The Jackson Women's Health Organization renewed its request for a federal judge to prevent state officials from enforcing the law, which the clinic said was an unconstitutional attempt to ban abortion in Mississippi.
Mississippi, which had as many as 14 abortion providers in the early 1980s, has some of the country's strictest abortion laws and one of the lowest abortion rates. It also has the highest teen pregnancy rate in the United States - more than 60 percent above the national average in 2010.
The law, which took effect on July 1, requires all abortion providers to be board certified in obstetrics and gynecology and have admitting privileges at a local hospital.
Advocates of the new law, including numerous state lawmakers, said it was designed to protect women's health. But some also have expressed hope it will shutter the Mississippi clinic.
The clinic's providers already are board-certified OB-GYNs, but the only one who had admitting privileges at the time of the law's passage provides limited service at the clinic.
The two doctors who provide the majority of procedures were denied privileges after a months-long effort by the clinic to obtain them.
Clinic owner Diane Derzis told Reuters she sent applications on behalf of all the physicians to every hospital within a 30-mile (48-km) radius. All of the hospitals ultimately rejected the requests or refused to even consider them, she said.
"It is now clear that plaintiffs have no hope of being able to comply with the Admitting Privileges Requirement," said the filing by the New York-based Center for Reproductive Rights, which represents the clinic in court.

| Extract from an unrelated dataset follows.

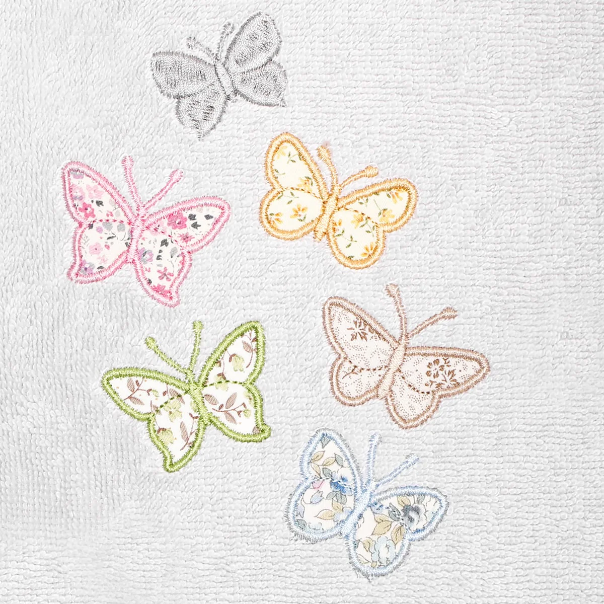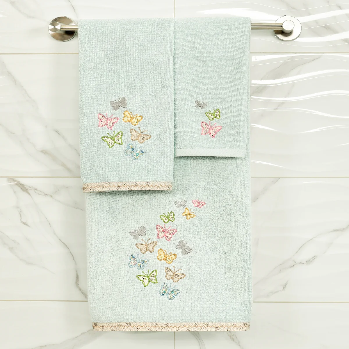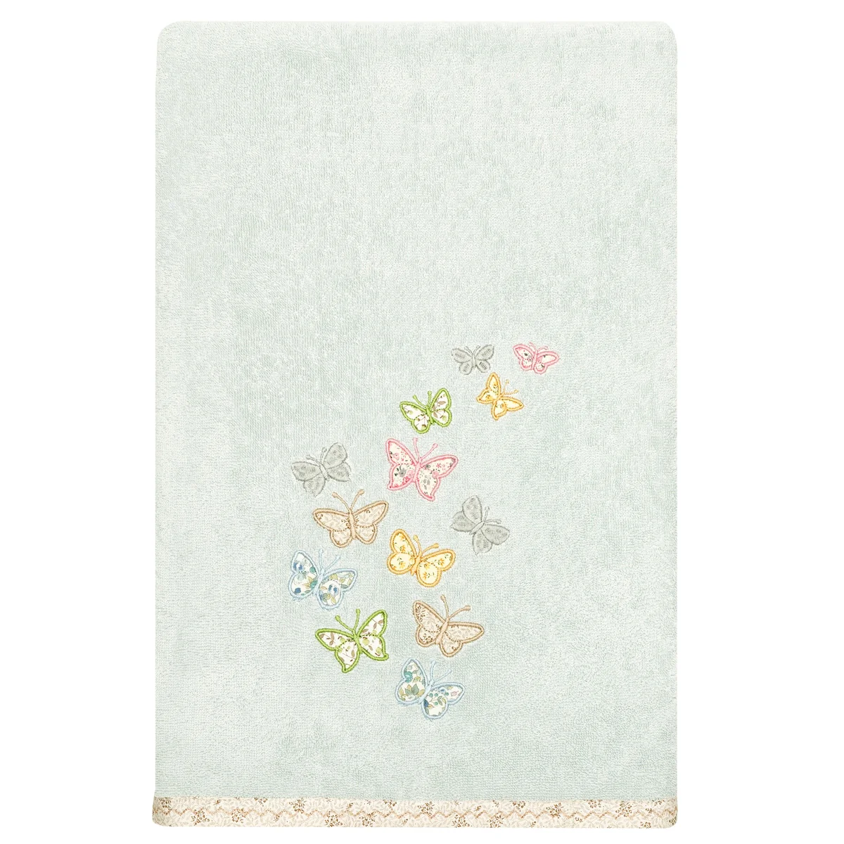 Your decorations are not complete without exquisite embroidered towels for the comfort of your family and guests. The Mariposa towels feature calico applique butterflies and are trimmed with a calico border. Cloud soft and super absorbent, these luxurious, durable towels keep their plush appearance after washing. The Mariposa Towel Collection brings a cottage spirit and richness to your home decor and makes a great gift!

U.S. District Judge Daniel P. Jordan III in July allowed the law to take effect despite objections by the clinic and the Center for Reproductive Rights. The judge blocked the state from imposing any criminal or civil penalties on the clinic, its staff or its physicians during the application process.
The state Department of Health, tasked with enforcing the law, gave the clinic until January to comply.
"They've had ample time to become compliant," said Republican state Representative Sam Mims, who sponsored the measure.
But he added: "The legislature doesn't control what hospitals in the Jackson metro area do. They have their own committees and bylaws set up, and they have to make the best decisions."
It was unclear when the judge might rule on the motion and when the clinic would have to close if it loses; the state Health Department also has an appeals process.
Jackson Women's Health Organization, based in the city of Jackson, has operated in the state for 17 years and has been Mississippi's only clinic since 2002. Its closure would mean an end to elective abortion in the state and would force women to travel elsewhere for the procedure.
"This unconstitutional law has essentially handed over the fate of Mississippi women's reproductive health care to hospital administrators," said Michelle Movahed, staff attorney at the center.
"The dedicated staff and physicians at the Jackson Women's Health Organization must be allowed to continue providing safe and legal abortion care without threat of closure," she said.